### RECORDS TO USE
============================================================
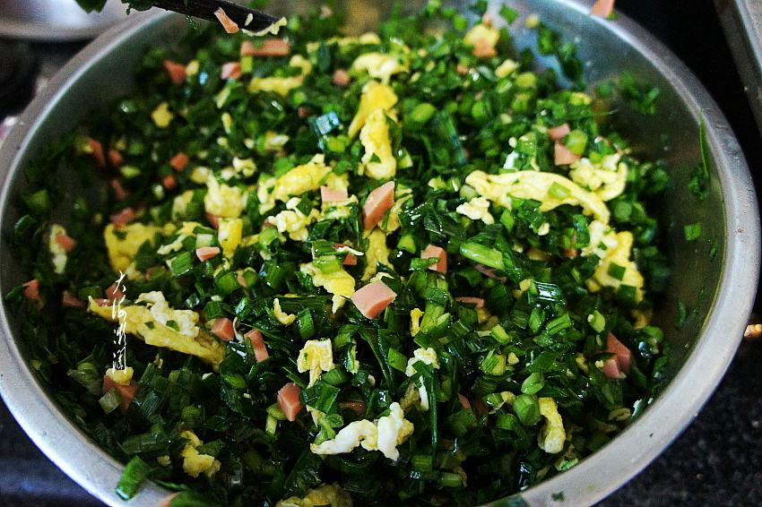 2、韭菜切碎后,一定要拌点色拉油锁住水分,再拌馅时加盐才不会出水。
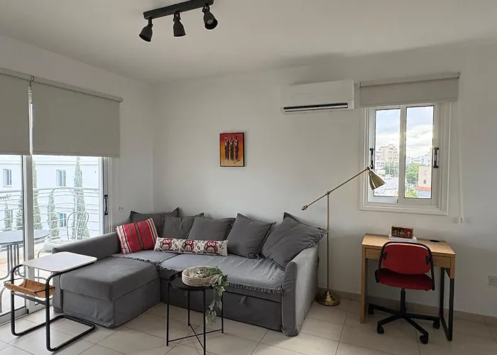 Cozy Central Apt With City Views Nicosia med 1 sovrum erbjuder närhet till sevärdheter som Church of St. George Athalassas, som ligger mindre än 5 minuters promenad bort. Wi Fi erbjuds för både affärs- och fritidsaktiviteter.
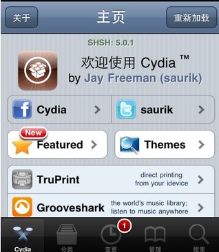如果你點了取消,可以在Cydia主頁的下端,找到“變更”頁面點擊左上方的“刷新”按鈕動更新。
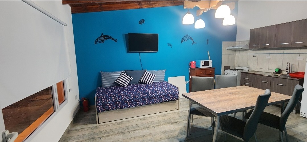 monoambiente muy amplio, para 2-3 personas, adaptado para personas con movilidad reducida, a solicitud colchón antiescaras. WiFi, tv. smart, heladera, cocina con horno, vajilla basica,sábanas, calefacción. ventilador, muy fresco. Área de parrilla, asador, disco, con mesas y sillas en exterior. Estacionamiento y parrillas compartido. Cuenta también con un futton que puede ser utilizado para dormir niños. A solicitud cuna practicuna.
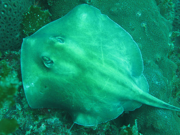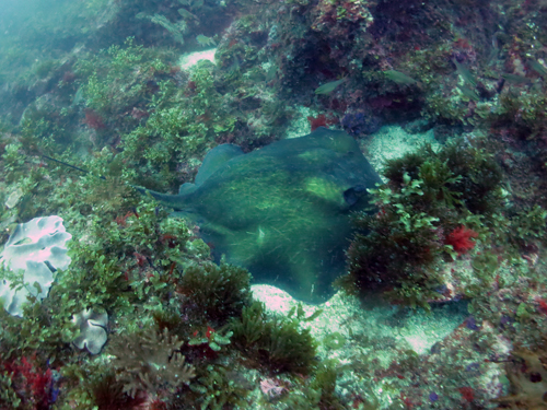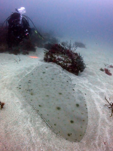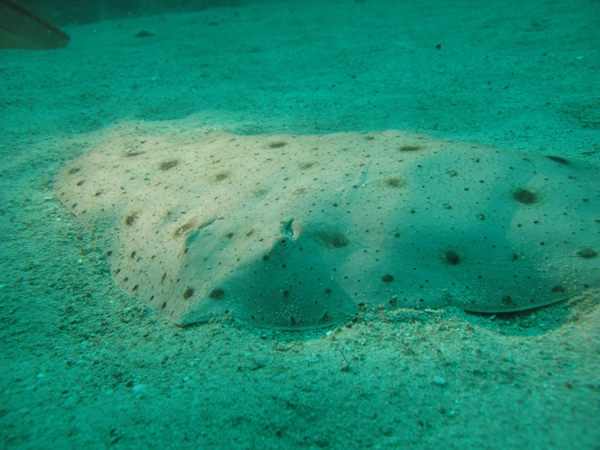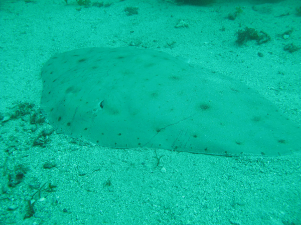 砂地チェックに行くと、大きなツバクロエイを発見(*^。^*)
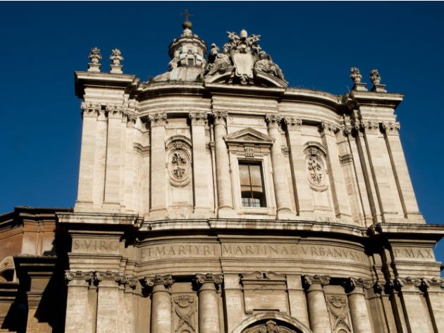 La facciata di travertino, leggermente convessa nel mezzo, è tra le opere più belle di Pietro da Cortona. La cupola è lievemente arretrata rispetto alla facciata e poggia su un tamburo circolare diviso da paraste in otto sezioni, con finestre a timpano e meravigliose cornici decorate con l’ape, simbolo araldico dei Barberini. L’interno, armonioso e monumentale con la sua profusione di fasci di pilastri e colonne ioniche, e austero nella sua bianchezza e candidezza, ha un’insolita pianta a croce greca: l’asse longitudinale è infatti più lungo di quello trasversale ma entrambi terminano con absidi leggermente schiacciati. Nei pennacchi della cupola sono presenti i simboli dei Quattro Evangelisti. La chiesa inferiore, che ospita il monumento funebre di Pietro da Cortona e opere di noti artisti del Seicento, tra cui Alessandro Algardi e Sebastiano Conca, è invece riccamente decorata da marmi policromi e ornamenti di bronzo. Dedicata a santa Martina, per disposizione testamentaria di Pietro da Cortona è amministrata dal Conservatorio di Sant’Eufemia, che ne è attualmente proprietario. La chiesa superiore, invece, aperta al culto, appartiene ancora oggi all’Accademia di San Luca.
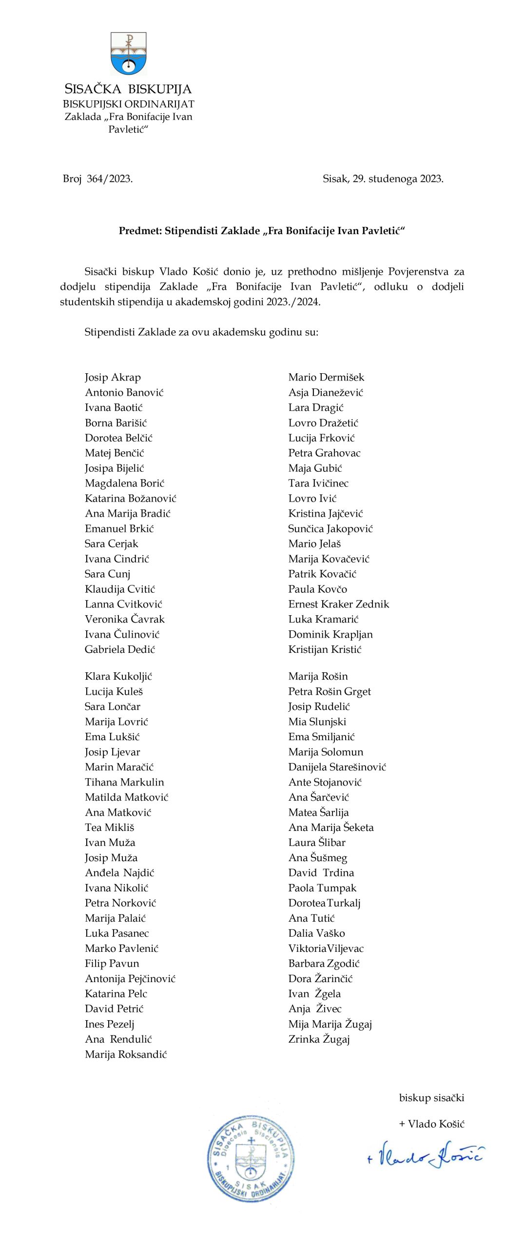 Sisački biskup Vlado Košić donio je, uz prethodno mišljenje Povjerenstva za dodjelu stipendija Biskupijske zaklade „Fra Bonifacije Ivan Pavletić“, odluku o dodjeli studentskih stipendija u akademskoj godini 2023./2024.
============================================================
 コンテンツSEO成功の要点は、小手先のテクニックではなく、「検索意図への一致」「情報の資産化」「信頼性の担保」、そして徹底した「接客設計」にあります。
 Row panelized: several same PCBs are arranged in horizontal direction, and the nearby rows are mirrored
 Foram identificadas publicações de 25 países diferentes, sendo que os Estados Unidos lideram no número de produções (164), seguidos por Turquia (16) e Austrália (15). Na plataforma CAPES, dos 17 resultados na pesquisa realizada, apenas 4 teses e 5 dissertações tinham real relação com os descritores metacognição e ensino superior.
============================================================
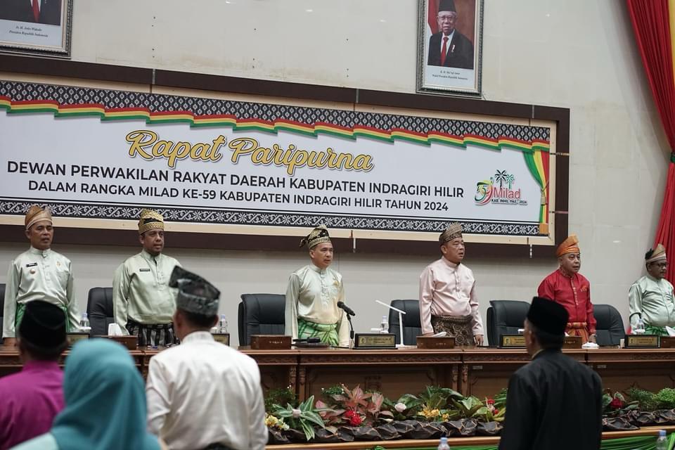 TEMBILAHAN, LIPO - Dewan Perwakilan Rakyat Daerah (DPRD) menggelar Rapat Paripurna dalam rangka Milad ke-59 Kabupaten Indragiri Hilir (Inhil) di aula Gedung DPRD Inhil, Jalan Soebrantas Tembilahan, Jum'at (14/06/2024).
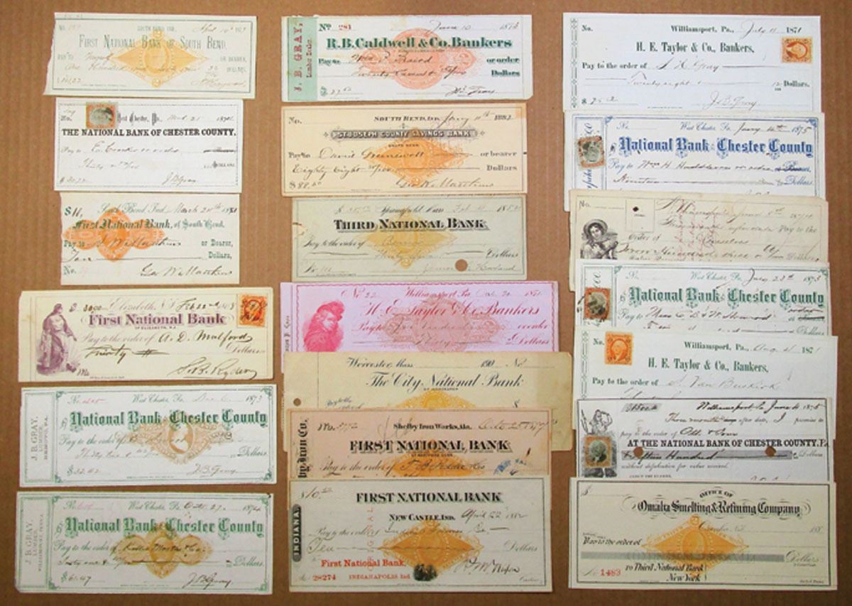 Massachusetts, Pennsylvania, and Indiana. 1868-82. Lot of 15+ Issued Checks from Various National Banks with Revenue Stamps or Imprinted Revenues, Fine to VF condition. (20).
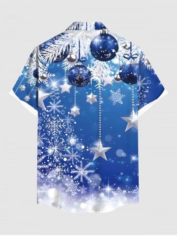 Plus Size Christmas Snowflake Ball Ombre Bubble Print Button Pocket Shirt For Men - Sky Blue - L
============================================================
### WHAT THE EXERCISE ASKS
The stretch above running from the line with "2、韭菜切碎后,一定要拌点色拉油锁住水分,再拌馅时加盐才不会出水。" through the line with "如果你點了取消,可以在Cyd" is all you should copy, exactly, leaving out the pictures.

### FINAL ANSWER
 2、韭菜切碎后,一定要拌点色拉油锁住水分,再拌馅时加盐才不会出水。
 Cozy Central Apt With City Views Nicosia med 1 sovrum erbjuder närhet till sevärdheter som Church of St. George Athalassas, som ligger mindre än 5 minuters promenad bort. Wi Fi erbjuds för både affärs- och fritidsaktiviteter.
如果你點了取消,可以在Cydia主頁的下端,找到“變更”頁面點擊左上方的“刷新”按鈕動更新。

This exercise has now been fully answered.